I read a lot and not as much as I would like to. I wish I had the bandwidth in terms of time and space in my 24 hour day (and grey matter between my ears) to hold more. I am fascinated by other’s takes on relationships, what they have gleaned and what love looks like ‘at street level’ as author and pastor Paul David Tripp says. I recently read a book by John and Julie Gottman, The Love Prescription and they talked about acknowledging our spouse’s ‘bid for connection’ by turning ‘toward’ your spouse when that bid for connection is put out there, as one of the things that couples who have great marriages do. But before we acknowledge, we first have to hear, and more than hear we need to actively listen to and for our spouses.
When a baby cries, he or she cries out for help. “Please, please, I need food-my tummy is empty. “ “Please, please, I have a dirty diaper and need to be changed.” “Please, please, I need connection, I want attention, I want to be held and loved.” Love calls us to listen and move, take action. We hopefully wouldn’t think of not answering the cry that the baby makes for their essential needs to be met. (Yes, at some point, we need to help them learn to self-soothe but that isn’t where I am going with this post.) In their earliest days, before we are helping them learn to self-soothe, they cry out and we answer whether we are exhausted and have needs of our own or not. I’m talking about listening that is a bid for us to take action as an act of love.
When our spouses make a bid for connection-in a way they are ‘crying out’ for connection. What might that look like? Maybe it’s a spoken, ‘I love you.’ Maybe it’s your husband coming up behind you while you are doing dishes and nuzzling your neck. Maybe it’s as simple as your spouse looking at you-a wordless bid. In an interview on Focus on the Family, Brant Hansen, author of The Men We Need, talks about even the slightest hesitation, the slightest withholding in responding your spouse saying, “I love you” can be devastating.
I remember early on in marriage-my husband making that bid for connection and getting all flirty while I was doing dishes. Me barefoot in the kitchen, doing dishes must have been a turn on I guess. I remember just wanting to get the dishes done and the kitchen cleaned up-so I could maybe relax before doing it all over again the next day, being bone tired. I remember feeling like he was inconveniencing me. How awful is that to admit? I shut down his bid for connection. I remember saying to him, “Tony Robbins says that, ‘we are either helping or hurting in everything we do’, and right now you are not helping.” Yes, I said it with a little playfulness, but at the same time, I wasn’t answering that bid for connection. I could have been playful and throw some bubbles at him, pinched his butt or turned around and given him a kiss he wouldn’t forget. We shoot down our spouses enough and they quit making that bid for connection eventually. No one likes to be rejected. I, of course, not getting it, not understanding, not ‘listening’ to that bid for connection had no idea I was rejecting him because I was so focused on getting all my tasks done.

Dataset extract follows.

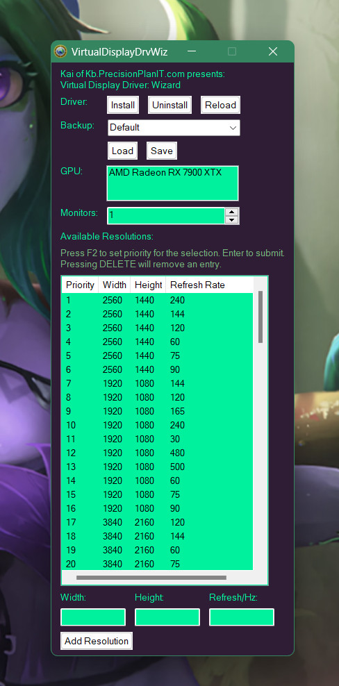 Virtual Display Driver: Wizard je pomocník sloužící pro snadnou správu virtuálních obrazovek ve Windows. Nástroj spolupracuje s ovladači typu Indirect Display Driver (IddSample), například s HDR-kompatibilním ovladačem od itsmikethetech.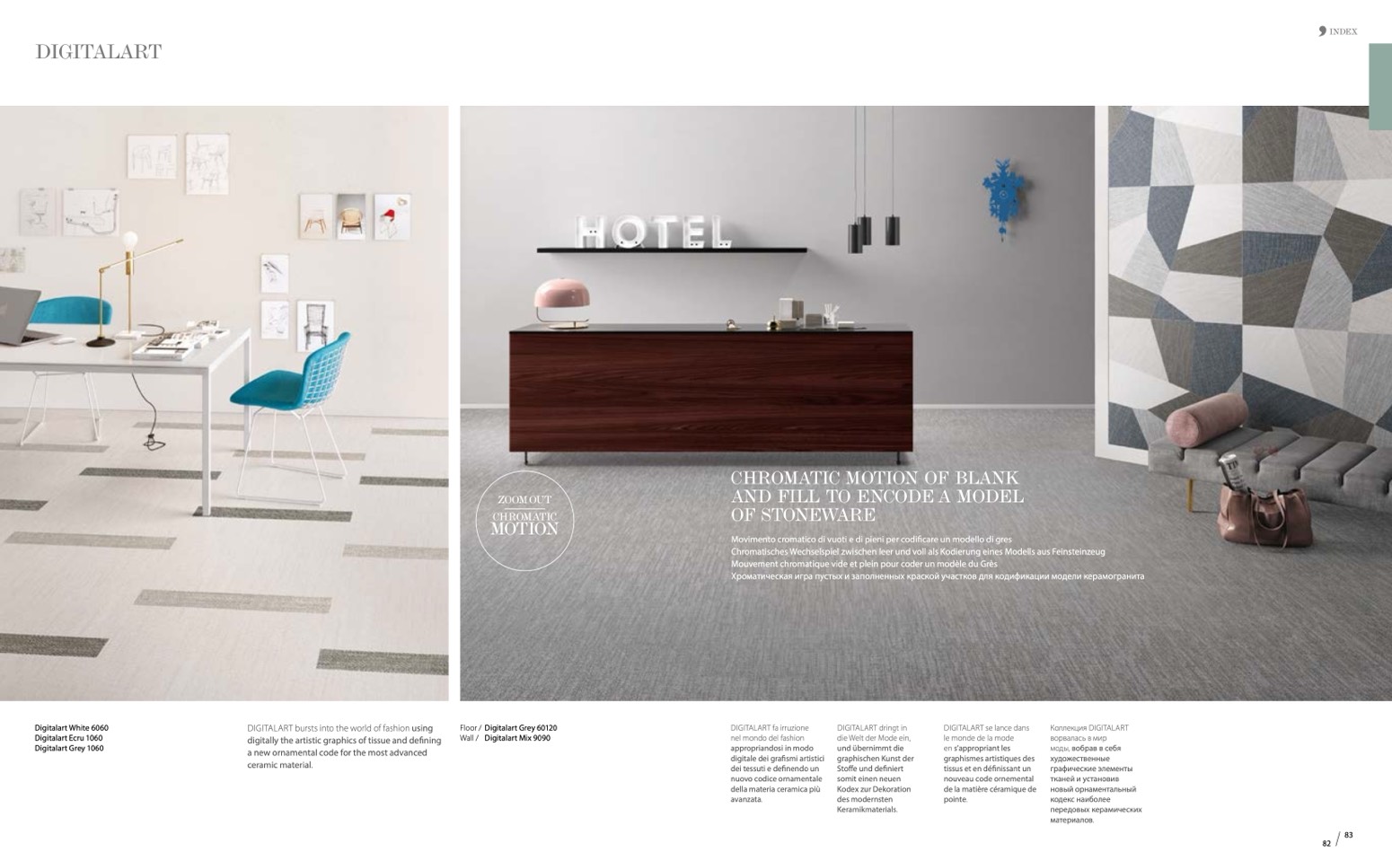 Movimento cromatico di vuoti e di pieni per codificare un modello di gres

Advice: listen for the many myriad ways your spouse makes that bid for connection. It may be the raised eyebrows, it may be physical touch, it may be an indirect question/comment….it may be them lamenting at the sink they are tired while doing dishes. Jump in and help. It may come in as a suggestion that you do something together (an indirection question by making a suggestion). Listen for the bid and turn towards your spouse. Even if you can’t drop everything in the moment, you can still let them know you ‘hear’ them and looking at them, acknowledge their bid. “I would love to but, my feet at in the fire at the moment. Can we connect later and visit about this, I do want to hear what you have to say.” Let them know you want to connect.
Turn towards the bid….answer the cry.